赞
踩
为了获取VINS 配置文件中的相关参数,也为了双目相机及IMU传感器实际输出数据更准确,对ZED2的相机进行标定,包括相机标定、IMU标定及联合标定。
1、使用kalibr工具标定ZED2双目相机。
2、用imu_utils标定IMU,依次安装编译code_utils、imu_utils。
这一部分之前已经安装过,具体过程参考博客:https://blog.csdn.net/xiaojinger_123/article/details/120849737?spm=1001.2014.3001.5501
但由于系统从ubuntu18.04变成20.04,注意系统依赖问题,根据相应版本修改。
1 下载编译kalibr
sudo apt update
sudo apt-get install python3-setuptools python3-rosinstall ipython3 libeigen3-dev libboost-all-dev doxygen libopencv-dev ros-noetic-vision-opencv ros-noetic-image-transport-plugins ros-noetic-cmake-modules python3-software-properties software-properties-common libpoco-dev python3-matplotlib python3-scipy python3-git python3-pip libtbb-dev libblas-dev liblapack-dev libv4l-dev python3-catkin-tools python3-igraph libsuitesparse-dev
pip3 install wxPython
sudo pip3 install python-igraph --upgrade
mkdir ~/kalibr_ws/src
cd ~/kalibr_ws/src
git clone --recursive https://github.com/ori-drs/kalibr
cd ~/kalibr_ws
source /opt/ros/noetic/setup.bash
catkin init
catkin config --extend /opt/ros/noetic
catkin config --merge-devel # Necessary for catkin_tools >= 0.4.
catkin config --cmake-args -DCMAKE_BUILD_TYPE=Release
catkin build -DCMAKE_BUILD_TYPE=Release -j4
2 下载编译code_utils、imu_utils
1)报错Could not find a package configuration file provided by “Ceres“
解决:安装cereshttps://blog.csdn.net/weixin_48083022/article/details/118282363
2)ceres 编译报错 error: ‘integer_sequence’ is not a member of ‘std’
在编译一些用到ceres的项目的时候会报错 error: ‘integer_sequence’ is not a member of ‘std’,这是因为较新版本中的ceres对c++版本有要求
在报错的项目的CMakeList里的
set(CMAKE_CXX_FLAGS “-std=c++11”)
改成
set(CMAKE_CXX_STANDARD 14)
其他问题参考:https://github.com/gaowenliang/imu_utils/issues/32
关于标定板的选择,checkerboard和aprilgrid这两种是比较常用的。
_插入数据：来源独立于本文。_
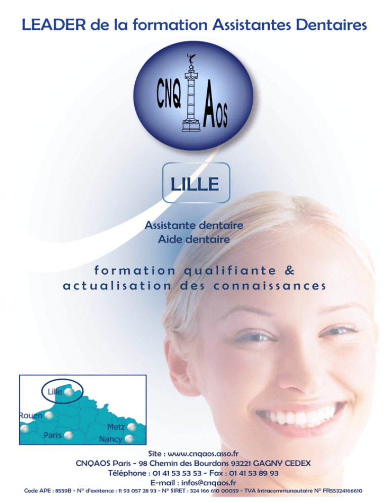 LEADER de la formation Assistantes Dentaires LILLE Assistante dentaire Aide dentaire formation qualifiante & actualisation des connaissances Site : www.cnqaos.asso.fr CNQAOS Paris - 98 Chemin des Bourdons 93221 GAGNY CEDEX Téléphone : 01 41 53 53 53 - Fax : 01 41 53 89 93 E-mail : [email protected] Code APE : 8559B - N° d’existence : 11 93 057 28 93 - N° SIRET : 324 166 610 00059 - TVA Intracommunautaire N° FR55324166610 LILLE • Lille est un lieu de cours et d’examen important qui permet de préparer la qualification : d’assistante dentaire – épreuves générales ; d’aide dentaire. • Pour tous renseignements s’adresser à Monsieur BIRAUD au 03.20.12.19.93 les mardis et jeudis ou au 06.11.86.07.13 les autres jours ou par mail : [email protected]. • AIDE AU RECRUTEMENT : si un employeur souhaite connaître l’avis de la C.N.Q.A.O.S. , il peut demander à un candidat potentiel de se présenter à une réunion d’information sur le métier d’assistant(e) ou d’aide dentaire et à un entretien de motivation à ce métier. • Possibilité de subir les épreuves d’admission à l’enseignement du certificat de qualification d’assistante dentaire au centre CNQAOS Paris-Gagny. Au préalable, adresser une lettre de motivation + C.V. à CNQAOS – 98-100 Chemin des Bourdons 93221 GAGNY CEDEX. Mis à jour le 30 mars 2016 2 COMMENT SE RENDRE AU LIEU DE COURS : Espace Tween - 32 Place de la Gare 59000 LILLE Plan d’accès : En face de la gare LILLE-FLANDRES Restauration à proximité 3 ESTIMATION DU TEMPS DE TRANSPORT : Secteur Point de départ Point d'arrivée VOITURE SNCF DUNKERQUE 1h 35 mn à 1h10 CALAIS 1h15 30 mn à 1h30 BOULOGNE SUR MER 1h30 1h à 2h10 BERCK 2h - ABBEVILLE 2h 2h10 à 2h30 AMIENS 1h40 1h20 à 1h30 45 mn 35 mn à 1h 1h20 1h30 à 2h40 HENIN BEAUMONT 30 mn 20 à 30 mn MAUBEUGE 1h 1h à 1h30 TOURCOING 20 mn 15 à 20 mn BETHUNE 50 mn 25 à 45 mn MONS (BELGIQUE) 1h 1h15 à 1h45 TOURNAI (BELGIQUE) 25 mn 25 à 35 mn ARRAS LILLE SAINT QUENTIN LILLE BUS Gare routière lieu de formation 21 mn lieu de formation Gare routière 21 mn Horaire des jours de cours : • Matin : 08h30 – 12h30 07h00 • Après-midi : 13h30 – 16h30 4 CALENDRIER PREVISIONNEL DES JOURS DE COURS - LILLE Chaque entrée en formation est précédée du Module d’introduction à la formation (N00 - 2 jours). Jour de cours : MARDI A05-GESTION DE L’AGENDA A01-GESTION DU RISQUE INFECTIEUX N04-GESTION DE L’AGENDA DE L’ENTREPRISE N02-DÉSINFECTION, STÉRILISATION MARDI 19 JUILLET 2016 MARDI 23 AOÛT 2016 MARDI 17 JANVIER 2017 MARDI 24 JANVIER 2017 MARDI 31 JANVIER 2017 MARDI 07 FÉVRIER 2017 MARDI 14 FÉVRIER 2017 MARDI 21 FÉVRIER 2017 MARDI 28 FÉVRIER 2017 (4 H/TP) N05-ORGANISATION DES RDV DU PRATICIEN MARDI 30 AOÛT 2016 MARDI 06 SEPTEMBRE 2016 A03-HYGIÈNE ET PRÉVENTION AU TRAVAIL N09-GESTION DES STOCKS N11-L’ASSISTANT(E) DENTAIRE AU SEIN DE SON ENVIRONNEMENT PROFESSIONNEL MARDI 07 MARS 2017 JOURNÉE D’ÉVALUATION JEUDI 20 AVRIL 2017 MARDI 13 SEPTEMBRE 2016 N12-ÉVALUATION ET PRÉVENTION DES RISQUES AU TRAVAIL A02-AIDE OPÉRATOIRE N03-IMAGERIE MÉDICALE MARDI 20 SEPTEMBRE 2016 MARDI 27 SEPTEMBRE 2016 MARDI 14 MARS 2017 MARDI 21 MARS 2017 MARDI 28 MARS 2017 A04-ÉDUCATION À LA SANTÉ BUCCO-DENTAIRE N08-PROPHYLAXIE ET HYGIÈNE BUCCO-DENTAIRE N06-LE TRAVAIL À 4 MAINS MARDI 04 OCTOBRE 2016 MARDI 11 OCTOBRE 2016 MARDI 04 AVRIL 2017 MARDI 11 AVRIL 2017 MARDI 18 AVRIL 2017 MARDI 25 AVRIL 2017 MARDI 02 MAI 2017 MARDI 09 MAI 2017 MARDI 16 MAI 2017 (3 H/TP) A06-ACCUEIL ET COMMUNICATION N01-COMMUNIQUER AVEC LES PATIENTS MARDI 18 OCTOBRE 2016 MARDI 25 OCTOBRE 2016 MARDI 08 NOVEMBRE 2016 N07-ASSISTANCE AUX TRAVAUX PROTHÉTIQUES ET ORTHODONTIQUES JOURNÉE D’ÉVALUATION JEUDI 01 DÉCEMBRE 2016 MARDI 23 MAI 2017 MARDI 30 MAI 2017 MARDI 06 JUIN 2017 MARDI 13 JUIN 2017 MARDI 20 JUIN 2017 A07-CRÉATION ET SUIVI DES DOSSIERS N13-CRÉER ET SUIVRE UN DOSSIER PATIENT N10-GESTES ET SOINS D’URGENCE MARDI 15 NOVEMBRE 2016 MARDI 22 NOVEMBRE 2016 MARDI 29 NOVEMBRE 2016 MARDI 06 DÉCEMBRE 2016 MARDI 27 JUIN 2017 MARDI 04 JUILLET 2017 JOURNÉE D’ÉVALUATION JEUDI 21 SEPTEMBRE 2017 N14-ÉTABLIR ET CONTRÔLER LES DOSSIERS DE REMBOURSEMENT MARDI 13 DÉCEMBRE 2016 MARDI 20 DÉCEMBRE 2016 MARDI 03 JANVIER 2017 MARDI 10 JANVIER 2017 5 CALENDRIER PREVISIONNEL DES JOURS DE COURS - LILLE Chaque entrée en formation est précédée du Module d’introduction à la formation (N00 - 2 jours). Jour de cours : JEUDI A02-AIDE OPÉRATOIRE A03-HYGIÈNE ET PRÉVENTION AU TRAVAIL N03-IMAGERIE MÉDICALE N11-L’ASSISTANT(E) DENTAIRE AU SEIN DE SON ENVIRONNEMENT PROFESSIONNEL JEUDI 09 JUIN 2016 JEUDI 16 JUIN 2016 JEUDI 23 JUIN 2016 JEUDI 09 FÉVRIER 2017 N12-ÉVALUATION ET PRÉVENTION DES RISQUES AU TRAVAIL N06-LE TRAVAIL À 4 MAINS JEUDI 30 JUIN 2016 JEUDI 07 JUILLET 2016 JEUDI 21 JUILLET 2016 JEUDI 25 AOÛT 2016 JEUDI 01 SEPTEMBRE 2016 JEUDI 08 SEPTEMBRE 2016 JEUDI 22 SEPTEMBRE 2016 JEUDI 16 FÉVRIER 2017 JEUDI 23 FÉVRIER 2017 A05-GESTION DE L’AGENDA N04-GESTION DE L’AGENDA DE L’ENTREPRISE JEUDI 02 MARS 2017 JEUDI 09 MARS 2017 N07-ASSISTANCE AUX TRAVAUX PROTHÉTIQUES ET ORTHODONTIQUES N05-ORGANISATION DES RDV DU PRATICIEN JEUDI 29 SEPTEMBRE 2016 JEUDI 06 OCTOBRE 2016 JEUDI 13 OCTOBRE 2016 JEUDI 20 OCTOBRE 2016 JEUDI 27 OCTOBRE 2016 JEUDI 16 MARS 2017 JEUDI 23 MARS 2017 A06-ACCUEIL ET COMMUNICATION N10-GESTES ET SOINS D’URGENCE N01-COMMUNIQUER AVEC LES PATIENTS JEUDI 03 NOVEMBRE 2016 JEUDI 10 NOVEMBRE 2016 JEUDI 30 MARS 2017 JEUDI 06 AVRIL 2017 JEUDI 13 AVRIL 2017 JOURNÉE D’ÉVALUATION JEUDI 01 DÉCEMBRE 2016 JOURNÉE D’ÉVALUATION JEUDI 20 AVRIL 2017 A04-ÉDUCATION À LA SANTÉ BUCCO-DENTAIRE A01-GESTION DU RISQUE INFECTIEUX N08-PROPHYLAXIE ET HYGIÈNE BUCCO-DENTAIRE N02-DÉSINFECTION, STÉRILISATION JEUDI 17 NOVEMBRE 2016 JEUDI 24 NOVEMBRE 2016 JEUDI 27 AVRIL 2017 JEUDI 04 MAI 2017 JEUDI 11 MAI 2017 JEUDI 18 MAI 2017 JEUDI 01 JUIN 2017 JEUDI 08 JUIN 2017 JEUDI 15 JUIN 2017 (4 H/TP) A07-CRÉATION ET

(相机需要距离标定板1-2m,标定板占据视野60%以上)。由于Aprilgrid能提供序号信息,能够防止姿态计算时出现跳跃的情况。所以建议采用Aprilgrid进行标定
注意:标定过程中,标定板不要离开相机视野范围,开始和结束要平稳进行,尽量使标定板出现在视野所有角落。
checkerboard:
targetCols、targetRows数的是内角点数目
target_type: 'checkerboard' #gridtype
targetCols: 6 #number of internal chessboard corners
targetRows: 8 #number of internal chessboard corners
rowSpacingMeters: 0.17 #size of one chessboard square [m]
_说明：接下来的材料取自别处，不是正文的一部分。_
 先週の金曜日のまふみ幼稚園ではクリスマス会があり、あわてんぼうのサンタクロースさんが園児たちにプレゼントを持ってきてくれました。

colSpacingMeters: 0.17 #size of one chessboard square [m]
aprilgrid:
tagSpacing=小方格边长/大方格边长
target_type: 'aprilgrid' #gridtype
tagCols: 6 #number of apriltags
tagRows: 6 #number of apriltags
tagSize: 0.088 #size of apriltag, edge to edge [m]
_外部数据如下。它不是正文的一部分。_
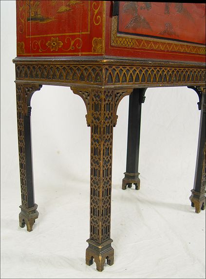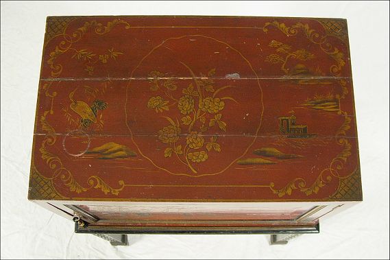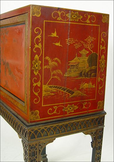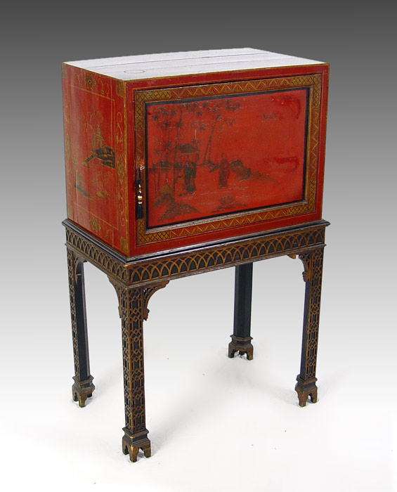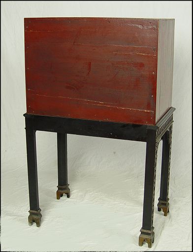 CHINESE RED LACQUER CHEST ON STAND: Single door chest decorated with gold painted figures, single interior shelf. Custom fit to Chinese Chippendale carved stand. 41'' tall x 26''w. x 16'' deep. Please note splits to top.

tagSpacing: 0.3 #ratio of space between tags to tagSize
标定板下载:https://github.com/ethz-asl/kalibr/wiki/downloads#calibration-targets
目前ZED2的分辨率,在ZED2_WS/src/zed-ros-wrapper/zed_wrapper/params文件夹下找到common.yaml,resolution为3,即VGA模式,实际分辨率大小为672*376.
启动ZED2的ROS节点:
roscore
roslaunch zed_wrapper zed2.launch
查看topic,开启可视化图像,确保标定板处于左右目图像中:
rostopic list
rosrun image_view image_view image:=/zed2/zed_node/left/image_rect_color
rosrun image_view image_view image:=/zed2/zed_node/right/image_rect_color
1)报错:Command ‘rosrun’ not found
解决:sudo apt install ros-noetic-rosbash
2)报错:[rospack] Error: package ‘image_view’ not found
解决:sudo apt-get install ros-noetic-image-view
因为zed相机通常以60Hz左右的频率进行录制,而kalibr标定又要求频率不能过高,推荐为4HZ,因此要降低原话题发布频率(标定的图像过多,导致计算量太大),参考降低图像数据到4Hz,(部分博客推荐20HZ,均可,处理时间较长),IMU数据至200Hz,ros的做法是先订阅,然后重新发布。
这里有一个降帧的命令
rosrun topic_tools throttle messages old_topic 4.0 new_topic//kalibr推荐的帧率为4HZ
这里还有一点,就是zed相机里有几个话题和原始图像对应,比如:
/zed2/zed_node/left/image_rect_color,这个话题也可以使用:分辨率没有发生变化,但是是对原始图像进行边缘裁剪后拉伸,这可能会导致丢失信息。
降低图像频率,查看当前频率:
rosrun topic_tools throttle messages /zed2/zed_node/imu/data_raw 200 /zed2/zed_node/imu/data_raw2
rosrun topic_tools throttle messages /zed2/zed_node/left/image_rect_color 4.0 /zed2/zed_node/left/image_rect_color2
rosrun topic_tools throttle messages /zed2/zed_node/right/image_rect_color 4.0 /zed2/zed_node/right/image_rect_color2
rostopic hz /zed2/zed_node/left/image_rect_color2
rostopic hz /zed2/zed_node/right/image_rect_color2
开始录制标定bag文件,参考Youtube视频:https://youtu.be/puNXsnrYWTY?t=57:
注意:录制过程保证标定板不会超出画面,录制的时候尽量保证图像清晰,不要剧烈移动,同时尽可能的激活IMU各个角度,各个方向。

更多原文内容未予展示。